# DIRECTIONS
The answer is to be the lines below that lie between the line holding "Alcuni manifesti realizzati" and the line holding "Un penalti muy", inclusive, transcribed exactly and free of pictures.

# TASK MATERIAL
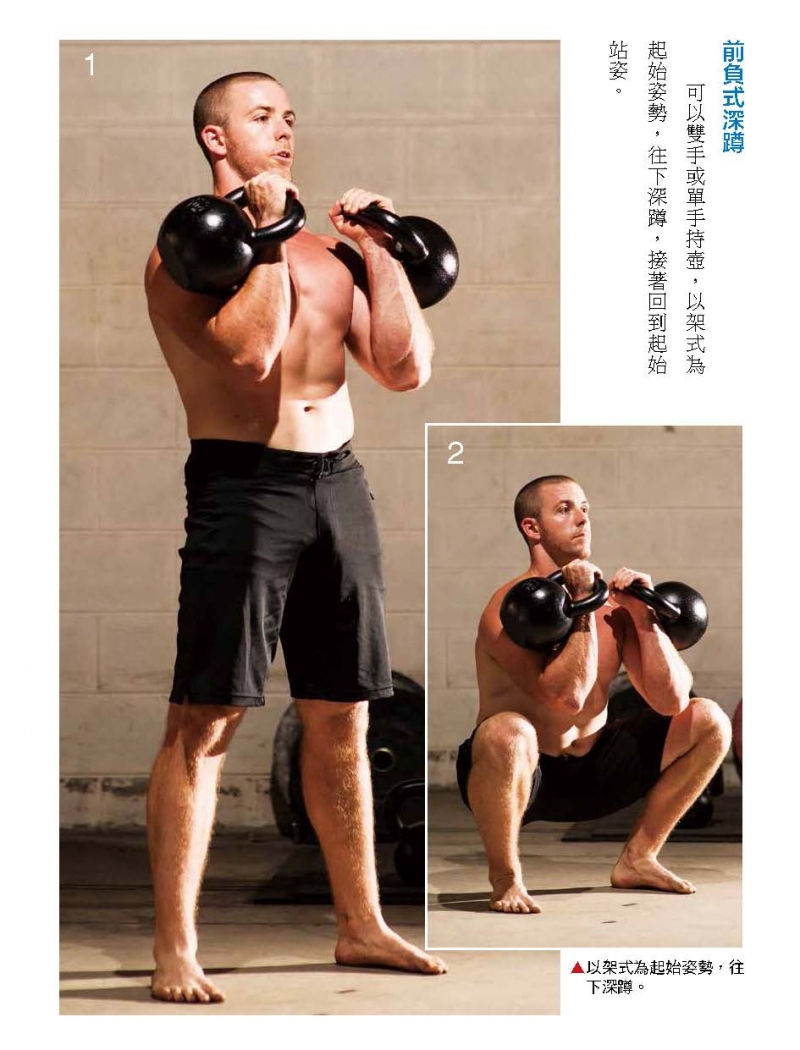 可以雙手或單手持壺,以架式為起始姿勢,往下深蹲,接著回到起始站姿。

---

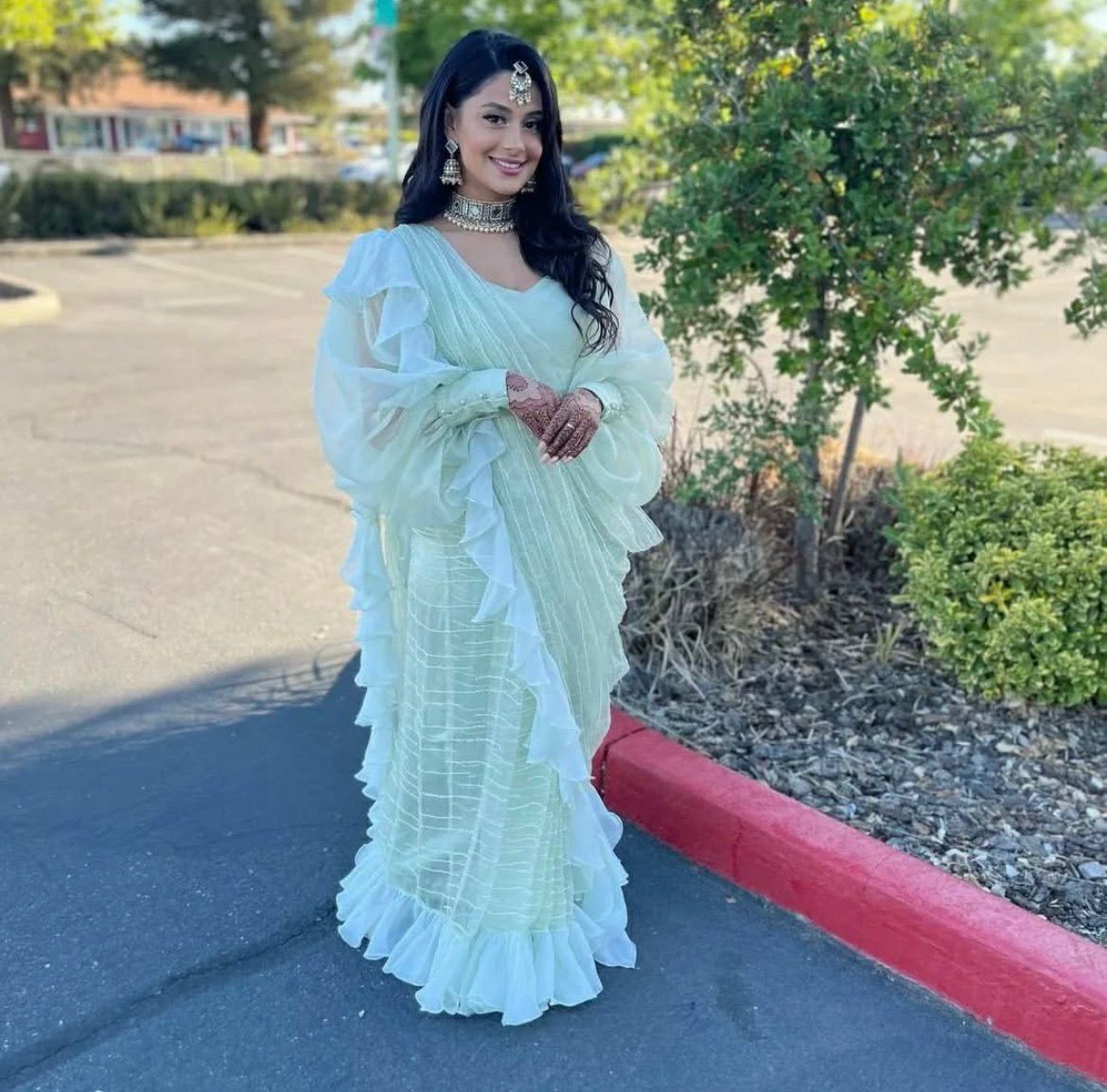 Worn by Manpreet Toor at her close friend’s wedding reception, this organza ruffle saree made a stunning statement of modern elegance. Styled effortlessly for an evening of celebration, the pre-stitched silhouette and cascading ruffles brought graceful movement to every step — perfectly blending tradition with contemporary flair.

* * *

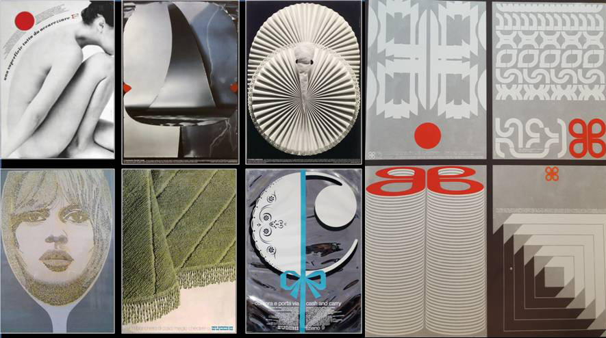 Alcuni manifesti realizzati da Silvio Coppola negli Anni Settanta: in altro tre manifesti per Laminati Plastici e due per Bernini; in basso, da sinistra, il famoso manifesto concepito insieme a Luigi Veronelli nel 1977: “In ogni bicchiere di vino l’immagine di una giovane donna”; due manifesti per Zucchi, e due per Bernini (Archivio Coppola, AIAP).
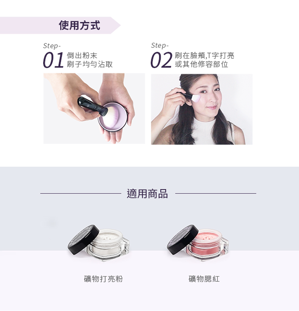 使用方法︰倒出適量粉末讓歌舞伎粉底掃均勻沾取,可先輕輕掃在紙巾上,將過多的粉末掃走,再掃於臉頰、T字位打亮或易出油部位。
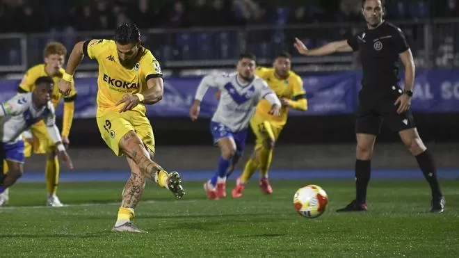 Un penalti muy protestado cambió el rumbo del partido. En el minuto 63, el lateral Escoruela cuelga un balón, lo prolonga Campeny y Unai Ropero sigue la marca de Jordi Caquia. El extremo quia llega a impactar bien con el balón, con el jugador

# WRITTEN REPLY
 Alcuni manifesti realizzati da Silvio Coppola negli Anni Settanta: in altro tre manifesti per Laminati Plastici e due per Bernini; in basso, da sinistra, il famoso manifesto concepito insieme a Luigi Veronelli nel 1977: “In ogni bicchiere di vino l’immagine di una giovane donna”; due manifesti per Zucchi, e due per Bernini (Archivio Coppola, AIAP).
 使用方法︰倒出適量粉末讓歌舞伎粉底掃均勻沾取,可先輕輕掃在紙巾上,將過多的粉末掃走,再掃於臉頰、T字位打亮或易出油部位。
 Un penalti muy protestado cambió el rumbo del partido. En el minuto 63, el lateral Escoruela cuelga un balón, lo prolonga Campeny y Unai Ropero sigue la marca de Jordi Caquia. El extremo quia llega a impactar bien con el balón, con el jugador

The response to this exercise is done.